====== Given information

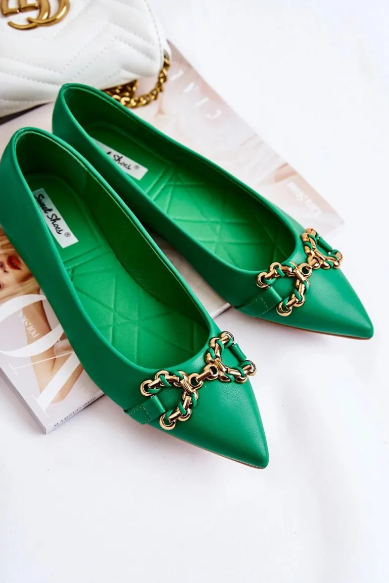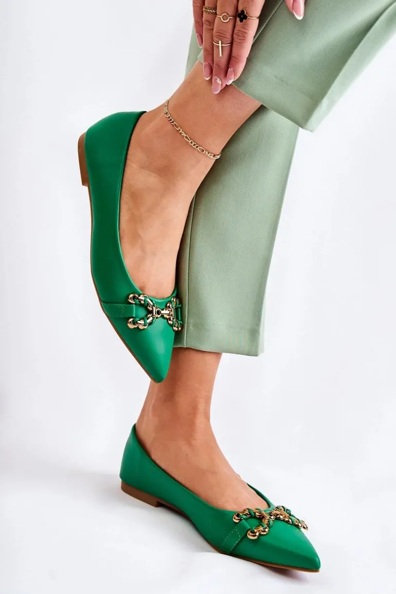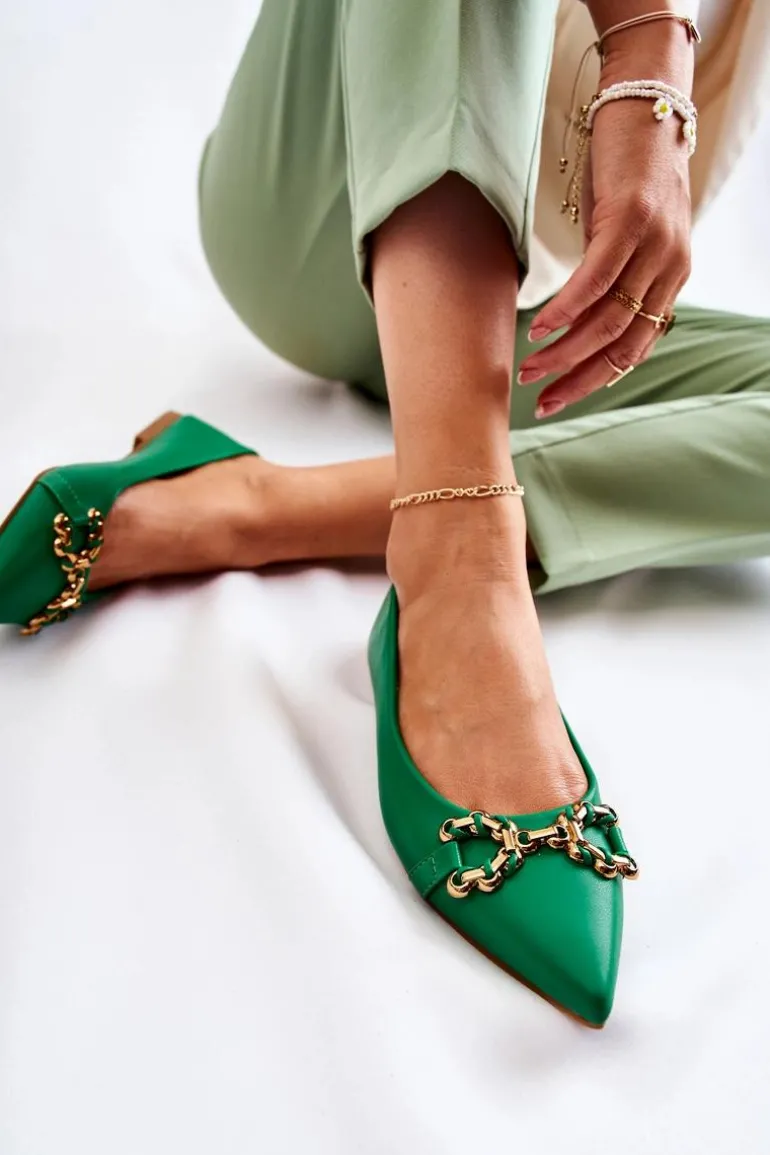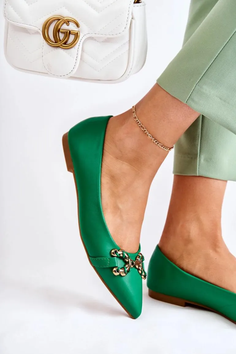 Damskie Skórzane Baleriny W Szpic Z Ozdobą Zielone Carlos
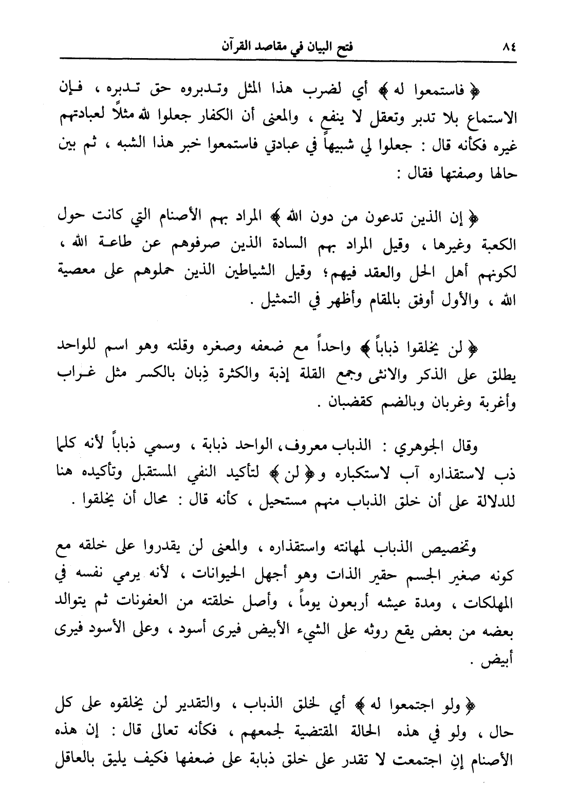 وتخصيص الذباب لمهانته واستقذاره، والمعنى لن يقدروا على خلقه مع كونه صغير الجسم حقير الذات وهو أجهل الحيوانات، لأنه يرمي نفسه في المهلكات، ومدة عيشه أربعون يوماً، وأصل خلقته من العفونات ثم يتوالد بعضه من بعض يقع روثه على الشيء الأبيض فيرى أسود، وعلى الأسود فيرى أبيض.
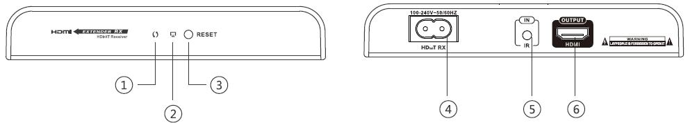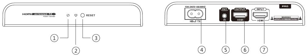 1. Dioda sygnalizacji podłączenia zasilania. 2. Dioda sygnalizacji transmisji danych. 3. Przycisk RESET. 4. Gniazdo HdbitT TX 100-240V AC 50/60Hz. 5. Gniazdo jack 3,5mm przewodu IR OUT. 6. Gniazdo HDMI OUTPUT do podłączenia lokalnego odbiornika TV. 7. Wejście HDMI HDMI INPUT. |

============

Activity: The entire listing is to be printed exactly, with each picture omitted.

Completed task:
 Damskie Skórzane Baleriny W Szpic Z Ozdobą Zielone Carlos
 وتخصيص الذباب لمهانته واستقذاره، والمعنى لن يقدروا على خلقه مع كونه صغير الجسم حقير الذات وهو أجهل الحيوانات، لأنه يرمي نفسه في المهلكات، ومدة عيشه أربعون يوماً، وأصل خلقته من العفونات ثم يتوالد بعضه من بعض يقع روثه على الشيء الأبيض فيرى أسود، وعلى الأسود فيرى أبيض.
 1. Dioda sygnalizacji podłączenia zasilania. 2. Dioda sygnalizacji transmisji danych. 3. Przycisk RESET. 4. Gniazdo HdbitT TX 100-240V AC 50/60Hz. 5. Gniazdo jack 3,5mm przewodu IR OUT. 6. Gniazdo HDMI OUTPUT do podłączenia lokalnego odbiornika TV. 7. Wejście HDMI HDMI INPUT. |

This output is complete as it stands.